I have reinstalled everything and switched the OS from nvme0n1 to nvme1n1 just to make sure whether there is any bottleneck because of the PCI topology. Unfortunately, it did not help.

I was running the following commands in 3 separate terminals simultaneously:

  • sudo ./gdsio -D /mnt/nvme0n1/gds_dir -d 0 -w 8 -s 1G -i 1M -x 0 -I 0 -T 300
  • iostat -cxzk 1
  • nvidia-smi dmon -i 0 -s putcm

The result of the both monitoring commands is attached as a PNG. The monitoring results show that %iowait of the CPU is relatively high. Is this already an indication that the data is redirected via CPU?
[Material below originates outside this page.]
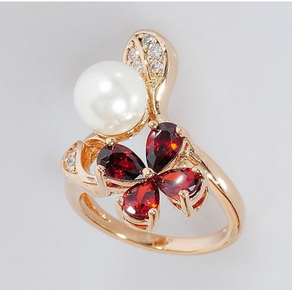 Кольцо с гранатом "жемчужный цветок"
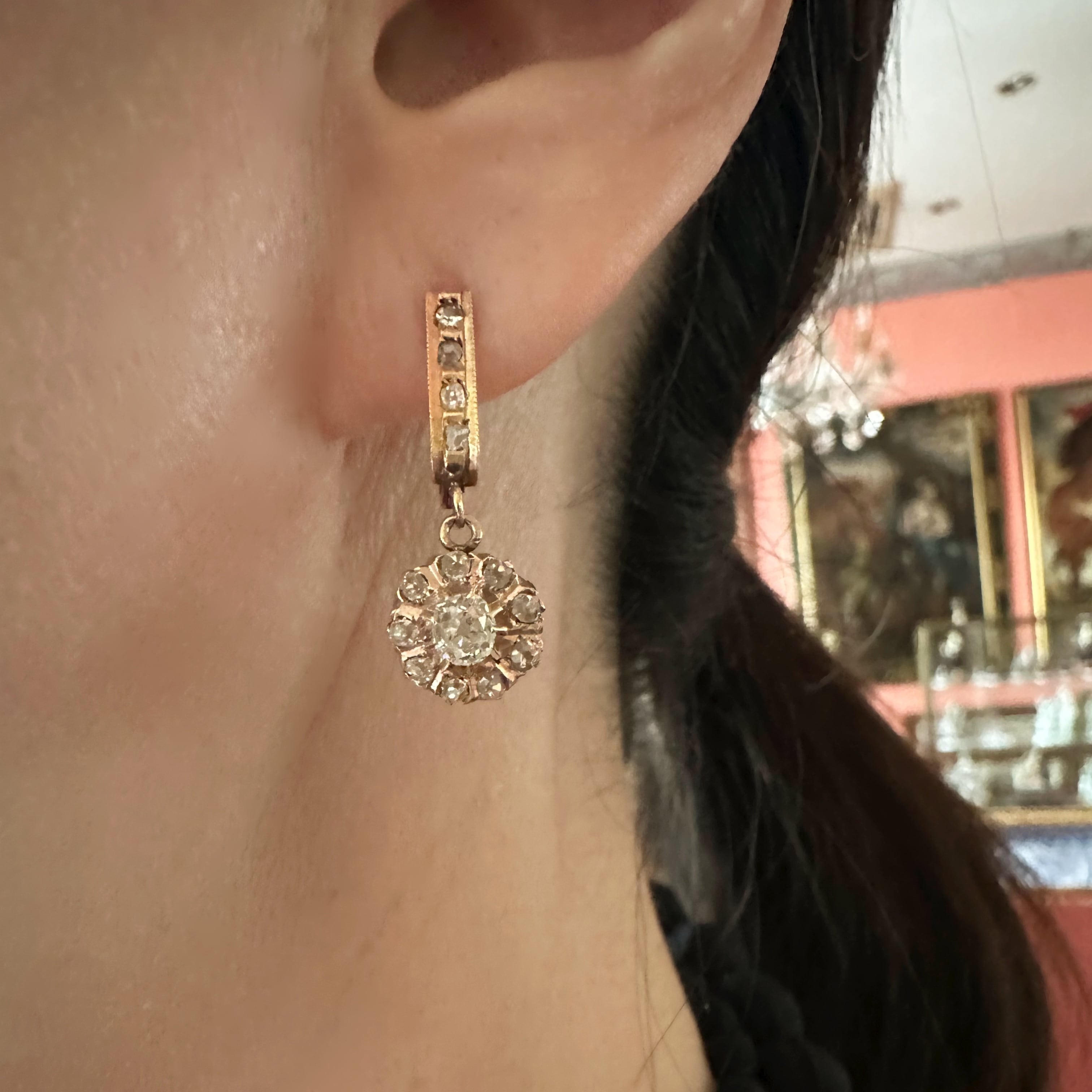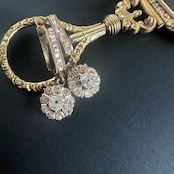 中央に厚みがたっぷりのオールドマインカットダイヤモンドがひと粒、周囲の小粒のオールドマインカットダイヤモンドに抱かれるように輝くクラスタードロップピアスのご紹介です。

I also checked if the results from fio makes sense at all and the manufacturers specifications for the Samsung 980 (non-Pro, a mistake I did above) is a read/write throughput of ~ 3.5/3.0 GB/s. So I guess the results from fio are for some reason not suitable for comparisons to gdsio or my used CLI arguments are wrong.
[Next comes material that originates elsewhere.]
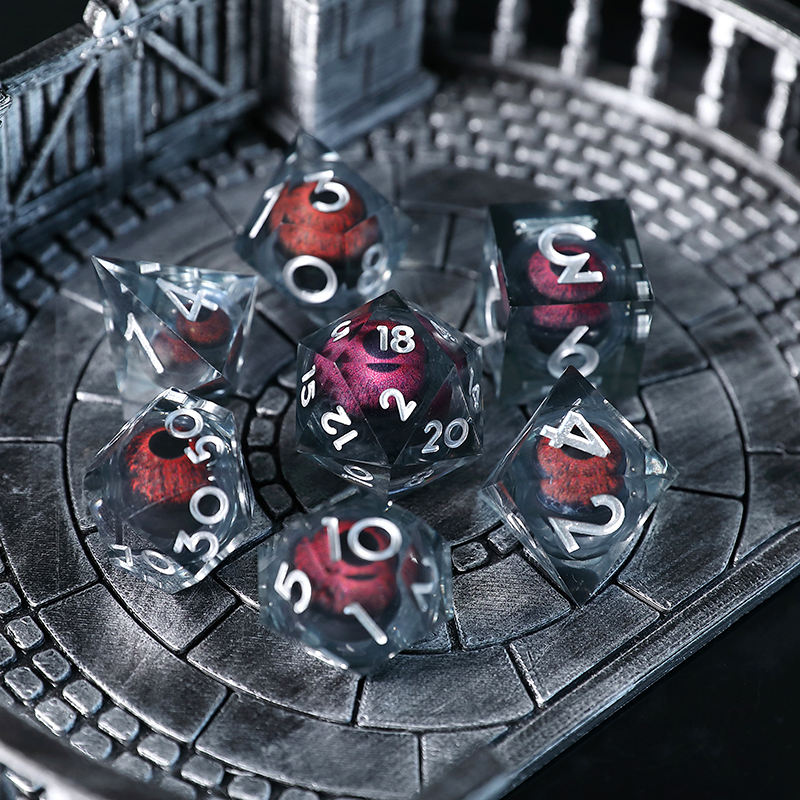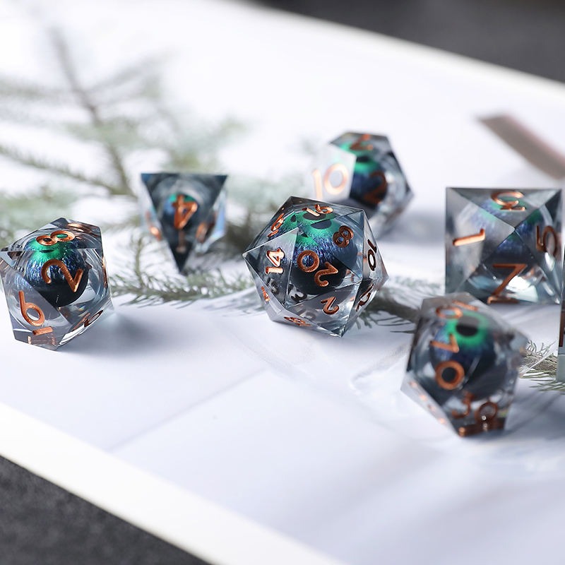 7PCS DND D20 Liquid Core Dragon's Eye Dice Sets para COC Dungeon y Dragon Pathfinder RPG Juegos de rol Party
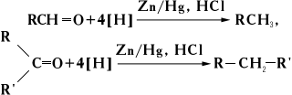 Клемменсена реакция, замена атома кислорода альдегидной или кетонной группы двумя атомами водорода при действии амальгамированного цинка и соляной кислоты:

Thanks for the detailed information.

with FIO you are not testing the buffered mode, which is using pagecache.
to test the bandwidth from disk. you can use direct=1 1. fio - Flexible I/O tester rev. 3.35 — fio 3.35-6-g1b4b-dirty documentation

The GPUD, CPUONLY and CPU_GPU look good as the disk bandwidth is the bottleneck(PCIe Gen 3 x4) and not the mode of transfer here. with GPUD you would see slight decrease in the CPU usage at these IO sizes.
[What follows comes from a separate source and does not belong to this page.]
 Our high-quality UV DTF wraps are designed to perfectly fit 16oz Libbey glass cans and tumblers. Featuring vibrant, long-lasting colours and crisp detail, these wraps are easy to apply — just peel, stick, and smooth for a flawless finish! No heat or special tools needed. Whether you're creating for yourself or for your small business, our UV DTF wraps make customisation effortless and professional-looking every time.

GPUD still consumes CPU as the App is host code and the control path still uses CPU. Data flows directly from storage to GPU using GPUDirect DMA.

Hope this helps.

1 Like

Hey @kmodukuri,

I was running some tests and monitoring to check if I can see the decrease in CPU usage for using different transfering types “-x [0-2]”. Here are the results:

  • gdsio command: sudo ./gdsio -D /mnt/nvme0n1/gds_dir/ -d 0 -w 8 -s 1G -i 128K -x 0 -I 0 -T 300

    gdsio result: IoType: READ XferType: GPUD Threads: 8 DataSetSize: 843705216/8388608(KiB) IOSize: 128(KiB) Throughput: 2.681960 GiB/sec, Avg_Latency: 364.114332 usecs ops: 6591447 total_time 300.011981 secs

  • gdsio command: sudo ./gdsio -D /mnt/nvme0n1/gds_dir/ -d 0 -w 8 -s 1G -i 128K -x 1 -I 0 -T 300

    gdsio result: IoType: READ XferType: CPUONLY Threads: 8 DataSetSize: 841726336/8388608(KiB) IOSize: 128(KiB) Throughput: 2.678544 GiB/sec, Avg_Latency: 364.578803 usecs ops: 6575987 total_time 299.689988 secs

  • gdsio command: sudo ./gdsio -D /mnt/nvme0n1/gds_dir/ -d 0 -w 8 -s 1G -i 128K -x 2 -I 0 -T 300

    gdsio result: IoType: READ XferType: CPU_GPU Threads: 8 DataSetSize: 840902912/8388608(KiB) IOSize: 128(KiB) Throughput: 2.677671 GiB/sec, Avg_Latency: 364.697513 usecs ops: 6569554 total_time 299.494429 secs

I would say one can clearly see that the CPU usage is dropping by around 30 percentage points between DGPU and CPU_GPU, whereas the latter is the one used without DMA and the default data path when storing data from the GPU memory. Seems good I guess, thanks.

Using “–direct=1” for fio results in even slower throughputs than using gdsio.

This topic was automatically closed 14 days after the last reply. New replies are no longer allowed.